By Lincoln DePradine
Dr Leslie Yaffa – a Vaughan, Ontario, resident – is not allowing the restrictions of the Coronavirus pandemic to stop the work that she has been doing for Jamaica.
She is determined to continue the activities of the Jahmeyka Project, a not-for-profit group working with organizations in Kingston, the Jamaican capital.
Yaffa applied to the United Nations Development Program (UNDP) for a grant and recently received US$10,000 to be utilized by the Jahmeyka Project.
“We got the grant in May. What we’ll be doing is trying to curb youth violence down there in Jamaica,’’ Yaffa told The Caribbean Camera.
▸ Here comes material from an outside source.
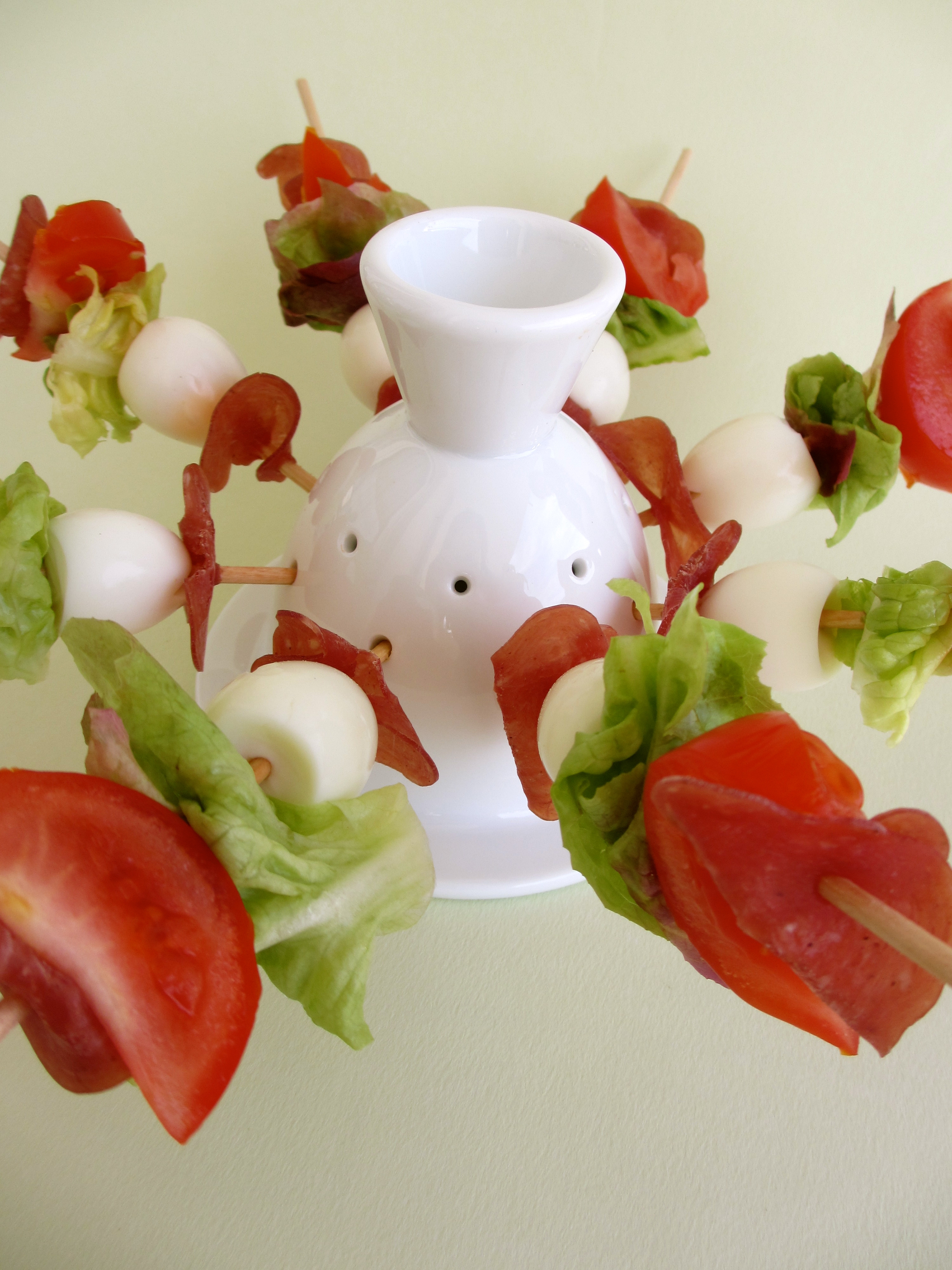 Bien sympathique ces brochettes apéritives. Et beau présentoir.

The Jahmeyka Project was founded in 2018 by Yaffa, a social worker, university professor and therapist, who provides counselling on issues such as stress and anxiety, depression and grief, parenting, racism, marriage and self-esteem.
The origins of the Jahmeyka Project began about 25 years ago when Yaffa went to Jamaica as a Master’s of Social Work student. While teaching at the University of New England in Maine, she also developed a program called, “International Social Work in the Caribbean’’.
“I used to bring Master’s students down to Jamaica to do their placement,’’ Yaffa said in explaining the program.
After leaving the University of New England, she decided to maintain and build on the agency connections and on her experience of the Jamaican social service culture. It was against this background that the Jahmeyka Project was launched.
The organization, which includes a board of directors of members drawn from Canada, the United States, Spain and Jamaica, works with several “community partners’’ such as Grace Kennedy, Danny Williams School for the Deaf and Mustard Seed, said Yaffa, who holds a Master’s degree in social work from Wilfrid Laurier University.
“What we do is training and we fill gaps where there are issues around social service work and the helping professions,’’ said Yaffa, who also is a member of both the Ontario College of Social Workers and Social Service Workers and the Ontario Association of Social Workers.
“We deliver training and collaborative workshops, and contribute our knowledge as accredited social workers; and, in turn, we learn from the shared efforts of partnering professionals and community organizers in Jamaica.’’
The Jahmeyka Project also supports organizations in Kingston that have identified needs in their communities for items such as school supplies and hygiene products, and donate funds to agencies for their operating costs.
The “stem youth violence’’ program in Jamaica, to which the UNDP’s $10,000 grant will be applied, is titled “Art 2 Connect’’, and will be facilitated by the Kingston-based Youth in Development Network.
“We can’t go to Jamaica because of COVID, but, on September 4, there’s going to be a mural painting which is going to be live online,’’ Yaffa said.
Other aspects of the program will include online workshops for children and a “Youth Summit on Crime and Violence’’ scheduled for September 21 and 22.